ACTIVITY: Below is a listing; repeat exactly the lines from the one containing "Великом Новгороде купить" to the one containing "Картичката е изработена", both included.
++++++++++
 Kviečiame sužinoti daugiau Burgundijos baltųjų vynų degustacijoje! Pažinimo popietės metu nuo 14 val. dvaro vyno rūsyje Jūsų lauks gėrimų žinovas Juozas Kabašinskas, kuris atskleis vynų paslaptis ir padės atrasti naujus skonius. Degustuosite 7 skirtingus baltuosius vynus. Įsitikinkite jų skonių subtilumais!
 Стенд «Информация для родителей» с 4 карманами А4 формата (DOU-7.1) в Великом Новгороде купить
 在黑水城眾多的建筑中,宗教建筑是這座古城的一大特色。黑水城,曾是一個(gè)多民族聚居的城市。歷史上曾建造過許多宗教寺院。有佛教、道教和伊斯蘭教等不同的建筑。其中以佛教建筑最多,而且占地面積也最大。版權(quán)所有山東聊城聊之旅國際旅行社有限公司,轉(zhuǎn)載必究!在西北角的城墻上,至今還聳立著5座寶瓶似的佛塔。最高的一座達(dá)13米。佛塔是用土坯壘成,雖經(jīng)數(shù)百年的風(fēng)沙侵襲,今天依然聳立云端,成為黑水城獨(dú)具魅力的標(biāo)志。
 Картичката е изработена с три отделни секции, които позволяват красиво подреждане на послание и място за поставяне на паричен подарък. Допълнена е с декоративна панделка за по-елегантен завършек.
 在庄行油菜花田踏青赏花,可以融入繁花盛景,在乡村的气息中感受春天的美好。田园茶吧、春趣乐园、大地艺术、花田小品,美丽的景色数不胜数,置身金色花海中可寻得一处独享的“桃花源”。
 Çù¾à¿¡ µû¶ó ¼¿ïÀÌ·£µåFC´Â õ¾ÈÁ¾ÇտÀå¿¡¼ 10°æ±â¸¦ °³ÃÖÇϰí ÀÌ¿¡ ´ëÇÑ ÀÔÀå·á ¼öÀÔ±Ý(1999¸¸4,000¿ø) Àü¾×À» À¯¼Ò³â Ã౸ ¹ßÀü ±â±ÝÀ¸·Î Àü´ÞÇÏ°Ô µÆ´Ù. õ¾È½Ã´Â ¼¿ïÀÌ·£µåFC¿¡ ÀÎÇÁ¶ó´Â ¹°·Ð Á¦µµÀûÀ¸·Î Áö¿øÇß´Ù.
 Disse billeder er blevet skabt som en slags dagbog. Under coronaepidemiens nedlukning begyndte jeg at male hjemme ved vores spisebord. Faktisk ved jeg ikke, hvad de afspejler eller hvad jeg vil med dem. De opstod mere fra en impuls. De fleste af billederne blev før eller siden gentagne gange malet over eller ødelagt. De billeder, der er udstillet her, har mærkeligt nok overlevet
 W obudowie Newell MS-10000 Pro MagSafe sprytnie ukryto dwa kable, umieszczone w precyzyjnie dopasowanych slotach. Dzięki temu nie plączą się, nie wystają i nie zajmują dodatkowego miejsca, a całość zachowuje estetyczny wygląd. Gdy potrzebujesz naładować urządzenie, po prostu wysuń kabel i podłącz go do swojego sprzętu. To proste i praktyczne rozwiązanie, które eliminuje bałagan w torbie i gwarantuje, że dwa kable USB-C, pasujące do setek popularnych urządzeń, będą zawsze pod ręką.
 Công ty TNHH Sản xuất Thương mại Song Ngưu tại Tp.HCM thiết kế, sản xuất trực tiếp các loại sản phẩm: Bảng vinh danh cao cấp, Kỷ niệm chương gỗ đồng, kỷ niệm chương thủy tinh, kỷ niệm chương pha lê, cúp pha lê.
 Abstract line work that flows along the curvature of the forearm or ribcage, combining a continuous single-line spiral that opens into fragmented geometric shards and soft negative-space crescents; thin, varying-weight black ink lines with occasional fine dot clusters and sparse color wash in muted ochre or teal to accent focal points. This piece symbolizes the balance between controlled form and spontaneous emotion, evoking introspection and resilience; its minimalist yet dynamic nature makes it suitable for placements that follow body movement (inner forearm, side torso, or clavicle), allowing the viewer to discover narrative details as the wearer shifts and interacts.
++++++++++
SOLUTION BELOW:
 Стенд «Информация для родителей» с 4 карманами А4 формата (DOU-7.1) в Великом Новгороде купить
 在黑水城眾多的建筑中,宗教建筑是這座古城的一大特色。黑水城,曾是一個(gè)多民族聚居的城市。歷史上曾建造過許多宗教寺院。有佛教、道教和伊斯蘭教等不同的建筑。其中以佛教建筑最多,而且占地面積也最大。版權(quán)所有山東聊城聊之旅國際旅行社有限公司,轉(zhuǎn)載必究!在西北角的城墻上,至今還聳立著5座寶瓶似的佛塔。最高的一座達(dá)13米。佛塔是用土坯壘成,雖經(jīng)數(shù)百年的風(fēng)沙侵襲,今天依然聳立云端,成為黑水城獨(dú)具魅力的標(biāo)志。
 Картичката е изработена с три отделни секции, които позволяват красиво подреждане на послание и място за поставяне на паричен подарък. Допълнена е с декоративна панделка за по-елегантен завършек.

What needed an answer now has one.